Elaine Tassy/CPR News
A newspaper clipping about the Martin Luther King Jr. and Emmitt Till statue in Denver's City Park.

“There ended up being a great deal of controversy around the statue,” said Hernandez. “It was supposed to be of Martin Luther King walking with Emmett Till.” 

But the issue was that “Martin Luther King's head is particularly large; [it] doesn't necessarily look like him. Emmett Till looks extra playful and happy. It was just kind of an odd statue,” Hernandez explained of the piece, apparently completed circa 1976.

“There ended up being a fundraiser to get more money to hire another sculptor to do the new sculpture, which we see in the park today," he added. 

The clipping folder included articles with pictures of the earlier version of the statue, in which King’s head looks extra large in proportion to the rest of his body.
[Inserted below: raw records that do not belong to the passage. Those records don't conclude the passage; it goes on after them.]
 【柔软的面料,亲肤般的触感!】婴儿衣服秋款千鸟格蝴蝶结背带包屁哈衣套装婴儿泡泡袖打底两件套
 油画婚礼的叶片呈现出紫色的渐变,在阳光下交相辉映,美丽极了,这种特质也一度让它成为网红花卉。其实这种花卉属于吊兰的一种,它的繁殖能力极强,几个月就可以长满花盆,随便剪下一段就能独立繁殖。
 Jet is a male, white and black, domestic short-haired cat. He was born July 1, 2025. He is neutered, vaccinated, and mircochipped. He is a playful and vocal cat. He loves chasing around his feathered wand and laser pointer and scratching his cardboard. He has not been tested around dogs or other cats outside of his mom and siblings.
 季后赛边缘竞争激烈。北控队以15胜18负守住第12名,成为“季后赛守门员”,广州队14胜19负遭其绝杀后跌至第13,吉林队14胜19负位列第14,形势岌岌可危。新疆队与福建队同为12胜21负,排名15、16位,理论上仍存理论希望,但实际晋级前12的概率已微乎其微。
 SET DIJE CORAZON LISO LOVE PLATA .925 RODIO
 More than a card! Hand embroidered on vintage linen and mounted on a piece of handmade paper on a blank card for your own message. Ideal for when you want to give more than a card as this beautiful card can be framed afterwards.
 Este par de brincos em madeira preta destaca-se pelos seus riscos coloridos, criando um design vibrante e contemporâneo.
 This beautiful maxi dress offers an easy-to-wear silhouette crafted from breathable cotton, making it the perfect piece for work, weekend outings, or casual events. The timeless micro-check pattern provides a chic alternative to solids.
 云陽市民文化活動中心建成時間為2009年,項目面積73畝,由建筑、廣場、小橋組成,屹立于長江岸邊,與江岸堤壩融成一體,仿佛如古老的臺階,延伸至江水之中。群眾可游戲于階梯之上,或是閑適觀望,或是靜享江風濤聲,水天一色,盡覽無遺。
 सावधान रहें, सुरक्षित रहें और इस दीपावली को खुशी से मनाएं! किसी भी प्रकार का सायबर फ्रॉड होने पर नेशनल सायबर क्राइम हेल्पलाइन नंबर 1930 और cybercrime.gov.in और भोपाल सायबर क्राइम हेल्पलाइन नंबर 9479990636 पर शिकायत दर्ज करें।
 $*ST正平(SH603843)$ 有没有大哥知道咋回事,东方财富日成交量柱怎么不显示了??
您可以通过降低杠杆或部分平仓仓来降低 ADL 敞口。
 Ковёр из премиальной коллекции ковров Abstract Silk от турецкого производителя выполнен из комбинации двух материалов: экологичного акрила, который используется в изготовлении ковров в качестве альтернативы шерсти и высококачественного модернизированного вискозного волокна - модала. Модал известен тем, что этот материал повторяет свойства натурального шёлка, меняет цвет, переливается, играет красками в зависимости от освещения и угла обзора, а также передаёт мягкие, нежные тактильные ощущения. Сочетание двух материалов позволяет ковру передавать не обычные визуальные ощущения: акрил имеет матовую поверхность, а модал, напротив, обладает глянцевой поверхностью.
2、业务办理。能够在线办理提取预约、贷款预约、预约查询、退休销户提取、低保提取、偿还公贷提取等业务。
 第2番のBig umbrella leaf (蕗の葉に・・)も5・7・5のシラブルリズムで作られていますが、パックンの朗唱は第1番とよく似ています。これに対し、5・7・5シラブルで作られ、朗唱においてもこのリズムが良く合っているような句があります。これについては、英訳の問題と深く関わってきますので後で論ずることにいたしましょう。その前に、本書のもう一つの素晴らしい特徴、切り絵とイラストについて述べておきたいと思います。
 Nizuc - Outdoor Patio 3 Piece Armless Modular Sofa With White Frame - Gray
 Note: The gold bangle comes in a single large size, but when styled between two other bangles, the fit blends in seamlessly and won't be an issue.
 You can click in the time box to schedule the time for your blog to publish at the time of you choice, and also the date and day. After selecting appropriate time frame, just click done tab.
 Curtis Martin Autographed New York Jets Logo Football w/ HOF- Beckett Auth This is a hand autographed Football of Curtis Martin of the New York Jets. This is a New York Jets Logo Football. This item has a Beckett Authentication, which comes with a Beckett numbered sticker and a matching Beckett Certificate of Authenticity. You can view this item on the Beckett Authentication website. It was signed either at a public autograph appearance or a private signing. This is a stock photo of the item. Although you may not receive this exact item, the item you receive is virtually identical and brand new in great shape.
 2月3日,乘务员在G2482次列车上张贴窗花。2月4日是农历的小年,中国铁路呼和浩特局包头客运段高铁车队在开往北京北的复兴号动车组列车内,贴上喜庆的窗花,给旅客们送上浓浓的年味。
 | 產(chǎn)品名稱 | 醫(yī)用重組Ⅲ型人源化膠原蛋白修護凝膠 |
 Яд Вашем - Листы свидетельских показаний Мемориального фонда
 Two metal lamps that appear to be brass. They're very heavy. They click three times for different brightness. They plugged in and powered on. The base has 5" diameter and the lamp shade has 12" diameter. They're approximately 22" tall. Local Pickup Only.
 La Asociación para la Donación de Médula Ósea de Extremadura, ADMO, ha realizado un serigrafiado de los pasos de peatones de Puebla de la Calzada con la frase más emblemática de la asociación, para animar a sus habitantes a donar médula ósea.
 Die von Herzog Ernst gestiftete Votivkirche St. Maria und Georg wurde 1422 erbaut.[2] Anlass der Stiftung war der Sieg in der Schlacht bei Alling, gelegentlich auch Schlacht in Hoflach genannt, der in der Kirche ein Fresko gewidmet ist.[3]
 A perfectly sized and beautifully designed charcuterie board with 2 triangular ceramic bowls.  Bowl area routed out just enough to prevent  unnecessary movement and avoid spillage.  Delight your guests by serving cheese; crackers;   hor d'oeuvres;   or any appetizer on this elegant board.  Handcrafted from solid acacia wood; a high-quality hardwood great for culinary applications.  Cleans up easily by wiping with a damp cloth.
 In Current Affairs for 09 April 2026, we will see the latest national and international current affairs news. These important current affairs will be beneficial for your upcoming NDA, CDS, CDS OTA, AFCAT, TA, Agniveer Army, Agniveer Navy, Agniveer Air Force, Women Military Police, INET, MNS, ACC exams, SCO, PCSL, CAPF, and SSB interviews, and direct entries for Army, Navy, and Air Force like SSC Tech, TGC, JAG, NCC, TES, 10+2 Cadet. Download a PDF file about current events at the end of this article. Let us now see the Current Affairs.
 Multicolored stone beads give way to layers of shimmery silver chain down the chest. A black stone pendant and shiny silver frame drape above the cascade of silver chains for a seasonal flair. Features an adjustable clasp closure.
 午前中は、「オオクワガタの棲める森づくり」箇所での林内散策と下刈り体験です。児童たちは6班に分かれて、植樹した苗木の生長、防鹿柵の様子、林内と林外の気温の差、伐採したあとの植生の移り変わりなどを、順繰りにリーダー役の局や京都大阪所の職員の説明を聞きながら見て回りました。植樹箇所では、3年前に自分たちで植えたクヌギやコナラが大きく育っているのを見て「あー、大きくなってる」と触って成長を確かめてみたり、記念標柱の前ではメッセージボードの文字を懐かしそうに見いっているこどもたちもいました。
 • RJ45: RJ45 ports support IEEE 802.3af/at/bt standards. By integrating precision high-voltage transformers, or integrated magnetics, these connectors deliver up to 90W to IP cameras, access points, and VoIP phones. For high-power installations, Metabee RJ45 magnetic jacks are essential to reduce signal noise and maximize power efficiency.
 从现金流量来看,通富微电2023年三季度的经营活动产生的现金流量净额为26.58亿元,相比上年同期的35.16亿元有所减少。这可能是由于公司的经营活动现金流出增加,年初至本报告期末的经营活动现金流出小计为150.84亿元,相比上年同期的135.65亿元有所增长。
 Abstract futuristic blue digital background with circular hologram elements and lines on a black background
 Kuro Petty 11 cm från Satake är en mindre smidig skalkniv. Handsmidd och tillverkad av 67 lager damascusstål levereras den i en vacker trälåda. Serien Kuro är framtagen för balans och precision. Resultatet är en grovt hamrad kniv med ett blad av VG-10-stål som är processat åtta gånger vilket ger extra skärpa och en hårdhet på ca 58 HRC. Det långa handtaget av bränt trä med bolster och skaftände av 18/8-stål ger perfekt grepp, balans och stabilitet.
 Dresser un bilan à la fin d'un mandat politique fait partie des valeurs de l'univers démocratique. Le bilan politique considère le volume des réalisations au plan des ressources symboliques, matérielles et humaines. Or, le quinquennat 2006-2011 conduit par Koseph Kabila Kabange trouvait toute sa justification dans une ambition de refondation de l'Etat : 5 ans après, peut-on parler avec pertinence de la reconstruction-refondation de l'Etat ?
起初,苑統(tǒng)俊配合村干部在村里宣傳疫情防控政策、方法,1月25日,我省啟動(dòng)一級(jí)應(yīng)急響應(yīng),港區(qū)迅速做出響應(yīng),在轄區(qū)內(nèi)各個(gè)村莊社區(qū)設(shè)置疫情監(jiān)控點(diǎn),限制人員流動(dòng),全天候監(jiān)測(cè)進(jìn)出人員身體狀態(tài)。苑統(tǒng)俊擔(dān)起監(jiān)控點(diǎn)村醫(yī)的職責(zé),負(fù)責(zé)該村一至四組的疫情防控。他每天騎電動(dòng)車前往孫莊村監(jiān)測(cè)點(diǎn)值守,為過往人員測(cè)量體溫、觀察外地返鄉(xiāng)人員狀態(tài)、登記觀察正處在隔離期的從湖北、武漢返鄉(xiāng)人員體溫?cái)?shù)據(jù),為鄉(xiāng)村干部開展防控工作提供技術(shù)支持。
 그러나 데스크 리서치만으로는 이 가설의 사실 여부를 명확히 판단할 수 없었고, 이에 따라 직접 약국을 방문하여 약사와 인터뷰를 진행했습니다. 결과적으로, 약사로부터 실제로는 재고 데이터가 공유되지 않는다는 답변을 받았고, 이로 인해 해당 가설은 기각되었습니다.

The later version was reportedly completed in 2002.

Elaine Tassy/CPR News
A newspaper clipping of an article about the Martin Luther King Jr. and Emmitt Till statue in Denver's City Park.

At the Central Library, von Foerster brought not only the folders, but also a thick paperback book called Park Hill Promise, by local historian Phil H. Goodstein. Its pages contained a tidbit about what happened before a speech King gave at a church in the Park Hill community of Denver in the mid-1960’s. 

According to the 2012 book, which doesn’t offer a reference for the detail, he encountered — and overcame — a surprising obstacle just before the speech began:

From the beginning, Montview Presbyterian was a central cog . . . On two occasions, it hosted sermons by Martin Luther King. Among them was a visit sponsored by the Denver Area Council of Churches. On the afternoon of Sunday, January 26th, 1964, the congregation counted 3,250 people crammed into all parts of the complex in addition to 750 people who waited outside in the snow. As the time for King's talk approached, his hosts were worried the civil rights leader had seemingly disappeared, rushing into the sanctuary. At the last minute, he explained he had found himself locked in the restroom and had to crawl out of the window to return to the hall.

" Park Hill Promise" by Phil H. Goodstein

King was assassinated four years after the restroom incident, and would have been 95 years old this year.